> Given material:
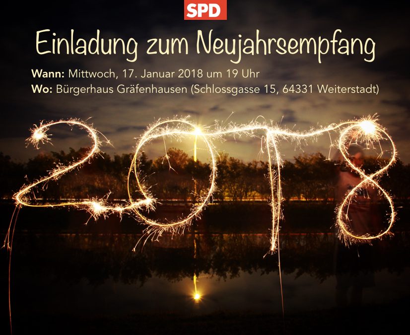 Die SPD Weiterstadt wünscht allen Bürgerinnen und Bürgern ein frohes und erfolgreiches Jahr und lädt ganz herzlich zum Neujahrsempfang am 17.01.2018 um 19 Uhr in das Bürgerhaus Gräfenhausen ein!
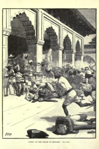 রাজার ঘরের দরজায় পাহারা দিচ্ছে কিছু ইংরেজ সৈন্য। এ ঘরে কে ঢুকবে আর কে ঢুকবে না সে ব্যাপারে ভীষণই কড়া নজর তাদের। মহলের সমস্ত কর্মচারীদের ভাল করে চিনে রেখেছে, তাদের ছাড়া অন্য কারও ঢোকার অনুমতি নেই। এমন সময় হঠাৎ কীসের শব্দে পাহারাদারদের কান সতর্ক হয়ে উঠল — প্রথমে মনে হল যেন মৌমাছির চাকে কেউ ঢিল ছুঁড়েছে, তাতেই ঝাঁকে ঝাঁকে মৌমাছি গুঞ্জন করছে। কিন্তু ধীরে ধীরে সেই গুঞ্জন তীব্রতর হতে হতে কোলাহলের চেহারা নিল। মহলের বাইরে প্রচণ্ড চেঁচামেচি হচ্ছে, একসঙ্গে অনেক লোকের কণ্ঠে হারে-রে-রে-রে-রে রবে মহলের ভিতর-বার গমগম করতে শুরু করেছে। কয়েকটা গোলাগুলির শব্দ শোনা গেল এবার। চঞ্চল হয়ে উঠল রাজার পাহারায় থাকা ইংরেজরা। ইন্ডিয়ায় এসে নেটিভদের আক্রমণে প্রাণ দিতে হবে — হে প্রভু যিশু, তা যেন না হয় — মনে মনে সকাতরে প্রার্থনা করতে লাগল তারা। এরপর হঠাৎ কোনো কিছু বুঝে ওঠার আগেই বাইরে পাহারায় থাকা ইংরেজ সৈন্যরা ছুটে ভেতরে চলে এল, তাদের মুখ চোখ আগুনের মত লাল হয়ে গেছে উত্তেজনায়। জানা গেল তাদের উপর হামলা হয়েছে। নেটিভরা ঘিরে ফেলেছে সমস্ত মহল, পাহারার বেষ্টনী ভেঙে তারা ভেতরে চলে এসেছে। বাঁচার উপায় বোধ হয় আর নেই।
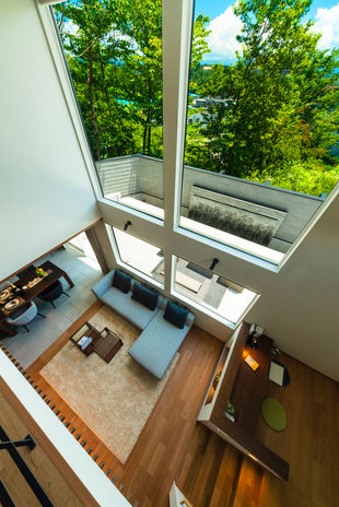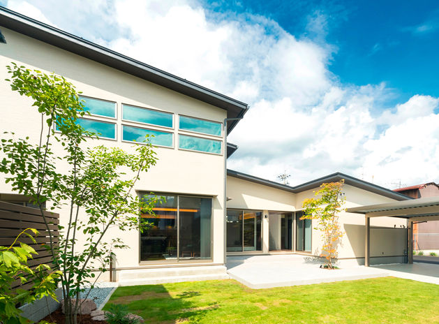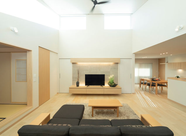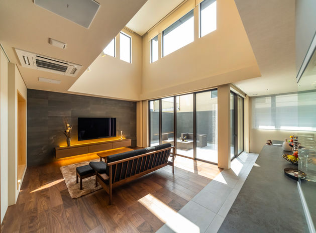自然の力を最大限に活用するパッシブデザインを軸に、洗練された住まいを作り上げているNOZOMI HOME。同社では建築予定地を設計士が事前に調査し、全棟で日照シミュレーションを実施。効率的に光と風が取り込めるよう窓の配置などを設計している。夏の強い日差しは遮熱性能の高いカーテンや庇などでコントロール。窓の外に広がる景色も計算されている。
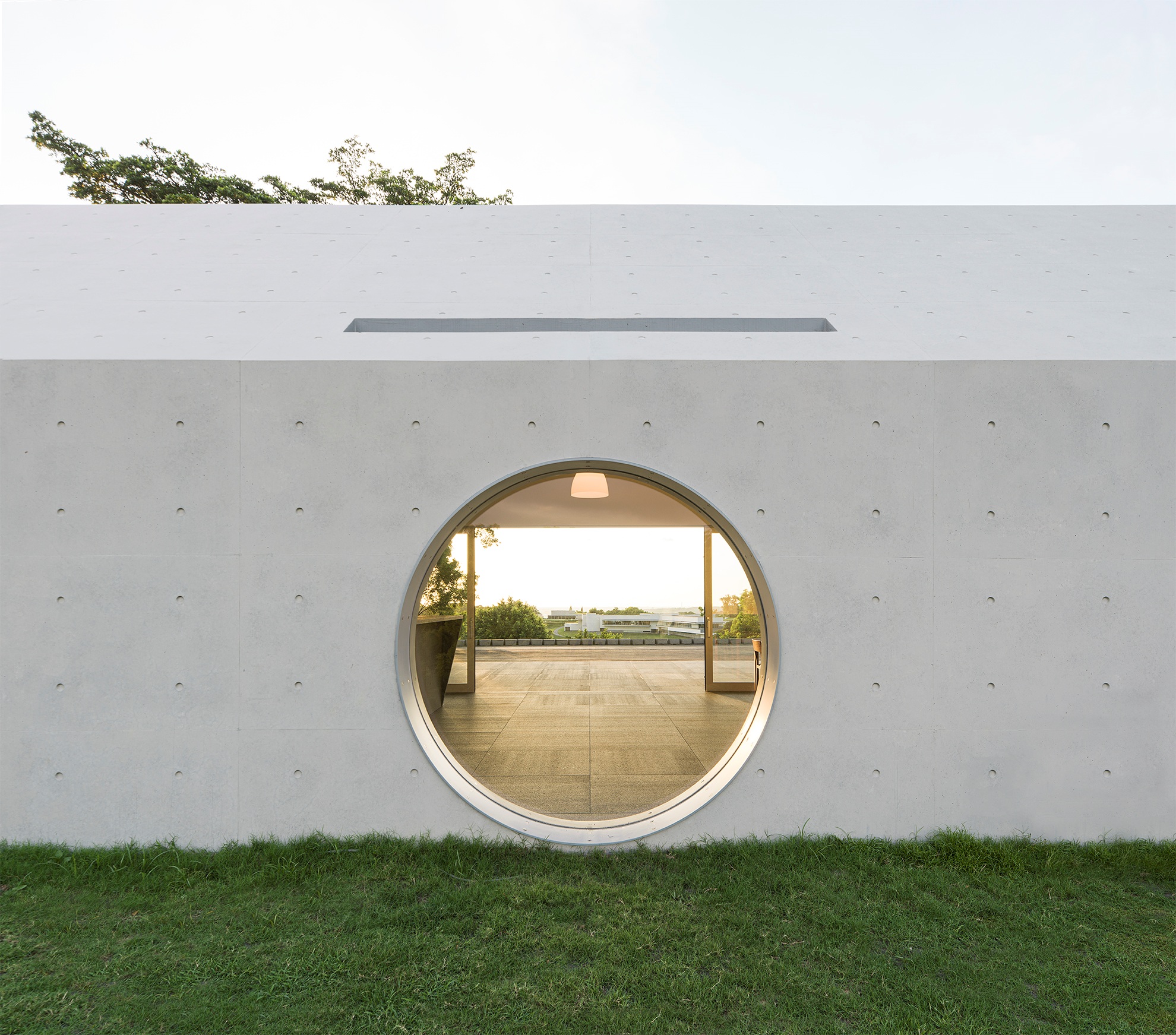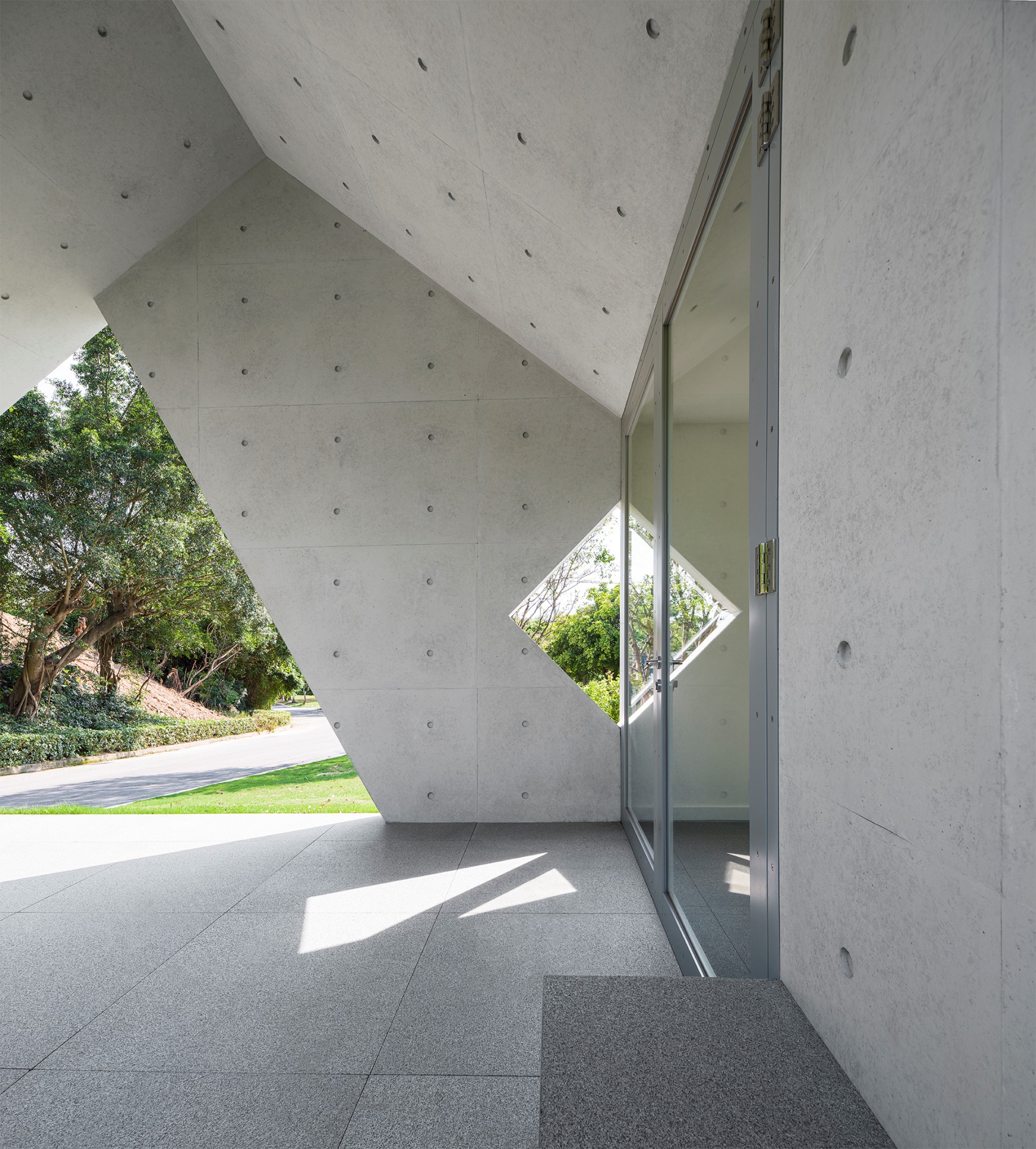 茶屋延續西薩的極簡主義,幾何形狀、清水模、懸壁設計,讓坪數有限,高僅2.5至2.6米的迷你空間,符合建築機能性的設計,同時加入東方圓型框線大窗,引入戶外綠色,有如一幅畫作。60度角的凸簷設計,正好遮住強光,讓室內柔和安靜,而帶著流動感的視線,兼收地形地勢的景觀之美。西薩要求完美的個性,遠近聞名,別看一座茶屋,越是小巧,越不能馬虎。沒有贅飾,也不花俏,乾淨簡約的建築線條,鑲嵌在綠野中,成為綠林區裡、低調奢華的夜明珠,無比吸睛。門房也是一樣,乍看之下,好像只是由幾塊牆板兜在一起而已,其實是幾合概念的應用,簡單樸實。

> Task details: Only the lines from the beginning of the listing up to and including the line with "রাজার ঘরের দরজায়" should appear in the reply, copied word for word and free of pictures.

> Solved exercise:
 Die SPD Weiterstadt wünscht allen Bürgerinnen und Bürgern ein frohes und erfolgreiches Jahr und lädt ganz herzlich zum Neujahrsempfang am 17.01.2018 um 19 Uhr in das Bürgerhaus Gräfenhausen ein!
 রাজার ঘরের দরজায় পাহারা দিচ্ছে কিছু ইংরেজ সৈন্য। এ ঘরে কে ঢুকবে আর কে ঢুকবে না সে ব্যাপারে ভীষণই কড়া নজর তাদের। মহলের সমস্ত কর্মচারীদের ভাল করে চিনে রেখেছে, তাদের ছাড়া অন্য কারও ঢোকার অনুমতি নেই। এমন সময় হঠাৎ কীসের শব্দে পাহারাদারদের কান সতর্ক হয়ে উঠল — প্রথমে মনে হল যেন মৌমাছির চাকে কেউ ঢিল ছুঁড়েছে, তাতেই ঝাঁকে ঝাঁকে মৌমাছি গুঞ্জন করছে। কিন্তু ধীরে ধীরে সেই গুঞ্জন তীব্রতর হতে হতে কোলাহলের চেহারা নিল। মহলের বাইরে প্রচণ্ড চেঁচামেচি হচ্ছে, একসঙ্গে অনেক লোকের কণ্ঠে হারে-রে-রে-রে-রে রবে মহলের ভিতর-বার গমগম করতে শুরু করেছে। কয়েকটা গোলাগুলির শব্দ শোনা গেল এবার। চঞ্চল হয়ে উঠল রাজার পাহারায় থাকা ইংরেজরা। ইন্ডিয়ায় এসে নেটিভদের আক্রমণে প্রাণ দিতে হবে — হে প্রভু যিশু, তা যেন না হয় — মনে মনে সকাতরে প্রার্থনা করতে লাগল তারা। এরপর হঠাৎ কোনো কিছু বুঝে ওঠার আগেই বাইরে পাহারায় থাকা ইংরেজ সৈন্যরা ছুটে ভেতরে চলে এল, তাদের মুখ চোখ আগুনের মত লাল হয়ে গেছে উত্তেজনায়। জানা গেল তাদের উপর হামলা হয়েছে। নেটিভরা ঘিরে ফেলেছে সমস্ত মহল, পাহারার বেষ্টনী ভেঙে তারা ভেতরে চলে এসেছে। বাঁচার উপায় বোধ হয় আর নেই।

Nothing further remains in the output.